As the Sea to Sky Highway winds between the Cayoosh Pass, Lillooet, and Hat Creek, it passes through the most notably varied terrain of its entire length. Transitions between the other biogeoclimatic zones are more subtle. Here the change from coastal temperate zone to aridity occurs abruptly. Much of this area lies in the rain shadow of the Coast and Cascade Mountains. By the time the last moisture in the clouds has been raked off by the peaks around Cayoosh Pass, there’s little left to water the countryside to the east. Ponderosa pine and sage take over from western hemlock and devil’s club.
The Sunshine Coast
The world’s longest highway, the Pan-American (also named Highway 101 in parts of the United States and Canada), stretches 9,312 miles (15020 km) from Castro on Chile’s south coast to Lund on BC’s Sunshine Coast. The 87-mile (139-km) stretch of Highway 101 between Langdale and Lund outperforms its size. Dozens of parks with biking, hiking, and ski trails; canoe and kayak routes; beaches; and coastal viewpoints are easily reached from the highway. Campsites are plentiful, and except in July and August and on long weekends from May to September, you won’t have any difficulty in finding a place to pitch your tent or park your RV.

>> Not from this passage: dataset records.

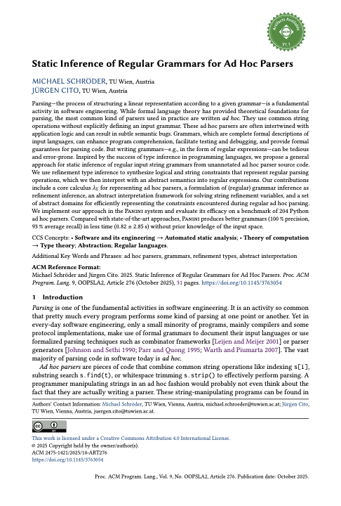 In my ongoing PhD research, I aim to statically infer input string grammars from unannotated ad hoc parser source code. To this end, I am developing Panini, a system for automatic end-to-end grammar inference using program slicing, refinement type inference, abstract interpretation, and SMT solving.
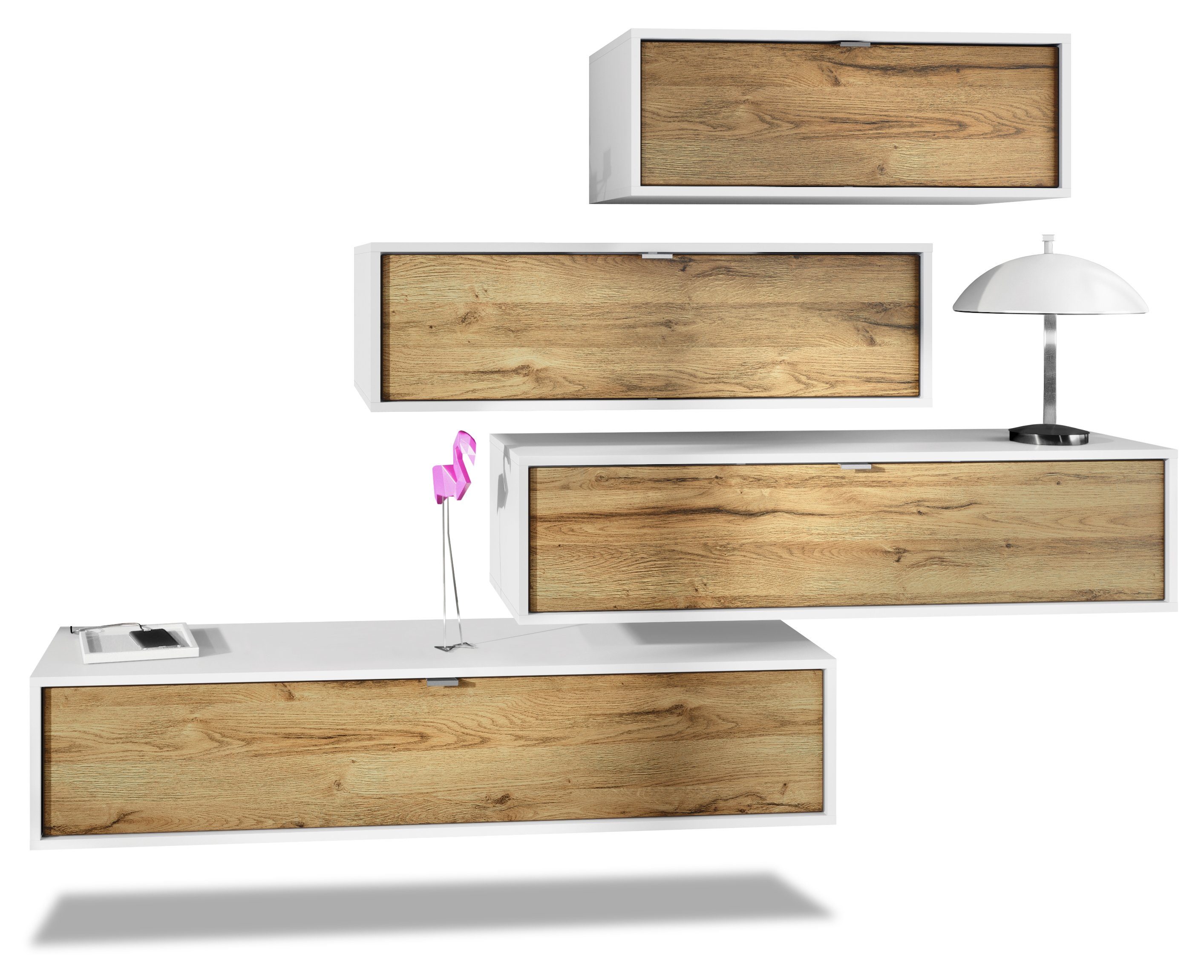 Die Wohnwand Lana V3 bietet so viel mehr Flexibilität als andere Wohnwände: Die einzelnen Hängeelemente können derart unterschiedlich an der Wand des Wohnzimmers angebracht werden, dass ein jeder seine eigene, individuelle Wohnwand bauen kann. Die zu sehenden Bilder und Вариантыn zeigen nur einen Bruchteil der Möglichkeiten, die dem Besitzer offenstehen.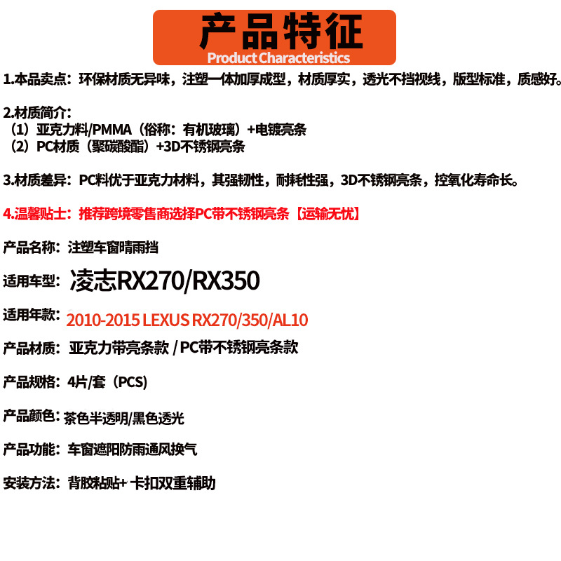 4PCS Window Visors Rain Guard Deflector for Lexus RX270 RX350 AL10 2010-2015

The Sunshine Coast lives up to its name. With an annual total of between 1,400 and 2,400 hours of sunshine – that’s an average of 4 to 6 hours per day, depending on where the measurements are taken – bright days outnumber gloomy ones by a wide margin. The Sunshine Coast benefits from a rain shadow cast by the Vancouver Island mountains, which catch most of the moisture coming in off the Pacific Ocean. In winter, clouds regroup in the Coast Mountains to the east of the Sunshine Coast and provide sufficient precipitation in the form of snow to coat trails for cross-country skiing. The remainder of the year it falls as rain, British Columbia’s ‘liquid sunshine,’ which nourishes the temperate rain forest.
The Sunshine Coast is split into two portions on either side of Jervis Inlet. Roughly speaking, the southern half between the ferry slips at Langdale and Earls Cove occupies the Sechelt Peninsula, while the northern half between the ferry slip at Saltery Bay and Lund sits on the Malaspina Peninsula. The coastline is deeply indented by the Pacific Ocean at Howe Sound, Jervis Inlet, and Desolation Sound. Jervis and Desolation are of such fjordic proportions that they attract a steady stream of marine traffic throughout the summer months, when brilliant sun shines on the countless cataracts that cascade down the sheer-sided slopes. Come moodier months, the clouds become ensnared in the snaggle-toothed peaks, making you feel just as pleased to stick to the sunnier coastline.